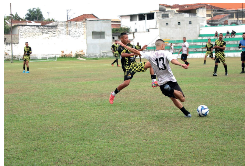
Mita movimentação nos campos de futebol neste fim de semana

Na sexta rodada da terceira divisão, Atlético Crispim enfrenta Moreira César às 10h30, no estádio do Estrela. As outras partidas são: Goiás x Inter de Vilão, às 10h30, no estádio do Cidade; União Pindense x Real Moreira, às 10h30, no estádio da AFIZP; Andrada x Real Mombaça, às 8h15, no estádio da AFIZP; Santa Luzia x Cruzeiro, às 8h, no estádio do Santa Luzia; Marca da Promessa x Real União Oliveira, às 10h30, no estádio do Moreira César; Beta x Ajax, às 10h30, no estádio do Bandeirante; Maricá x Galáticos, às 10h30, no estádio do Maricá; Independente x Areião, às 10h30, no estádio do Independente; União Nova Esperança x Milan, às 8h, no estádio do Fluminense; 100
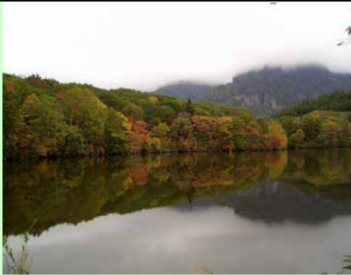
(戸隠高原は鏡池 紅葉は始まったばかり : 10月中旬撮影)

一に雇用、二に雇用有言実行内閣が聞いて呆れる、問題は全て先送り。円高に打つ手もなく、企業は海外、日本空洞化。失業者は増えても雇用先無し。暇な議員は仕分けで税金の無駄使い。やれやれ。ご家族の皆様にはお変わりなくお越しの事とご推察申し上げます。
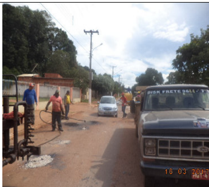
Rua Joaquim Murтинho (Trecho da Igreja)
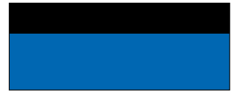
أزرق ساطع وأسود داكن
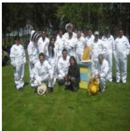
Curso Manejo del entorno del colmenar
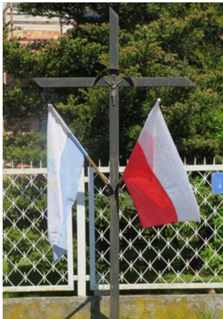
Lokalizacja: Kałuszyn, ul. Łabędziowa; Czas powstania: brak danych;

K apliczka murowana domkowa z daszkiem dwuspadowym, zwieńczonym krzyżem żelaznym. Krzyż z ażurowymi zdobieniami i sercowatymi zakończeniami ramion. Wewnątrz obrazy m.in. z wizerunkami Matki Bożej Częstochowskiej, Matki Bożej Karmiącej, św. Jana Pawła II oraz figury MB Niepokalanej, MB Fatimskiej i aniołków.
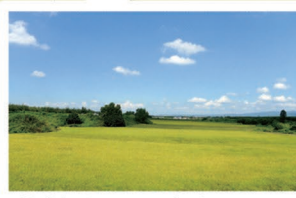
②津軽大沢駅から松木平駅の間 住宅街を抜けると広がる田園風景。「大鰐線は電車の速度が風景を楽しむのにちょうどよい」という声も。
----------------------------------------
* [Work task] With pictures left out, transcribe each line from the one containing "أزرق ساطع وأسود داكن" through the end of the data, both ends included.

* [Reply to the task]
أزرق ساطع وأسود داكن
Curso Manejo del entorno del colmenar
Lokalizacja: Kałuszyn, ul. Łabędziowa; Czas powstania: brak danych;

K apliczka murowana domkowa z daszkiem dwuspadowym, zwieńczonym krzyżem żelaznym. Krzyż z ażurowymi zdobieniami i sercowatymi zakończeniami ramion. Wewnątrz obrazy m.in. z wizerunkami Matki Bożej Częstochowskiej, Matki Bożej Karmiącej, św. Jana Pawła II oraz figury MB Niepokalanej, MB Fatimskiej i aniołków.
②津軽大沢駅から松木平駅の間 住宅街を抜けると広がる田園風景。「大鰐線は電車の速度が風景を楽しむのにちょうどよい」という声も。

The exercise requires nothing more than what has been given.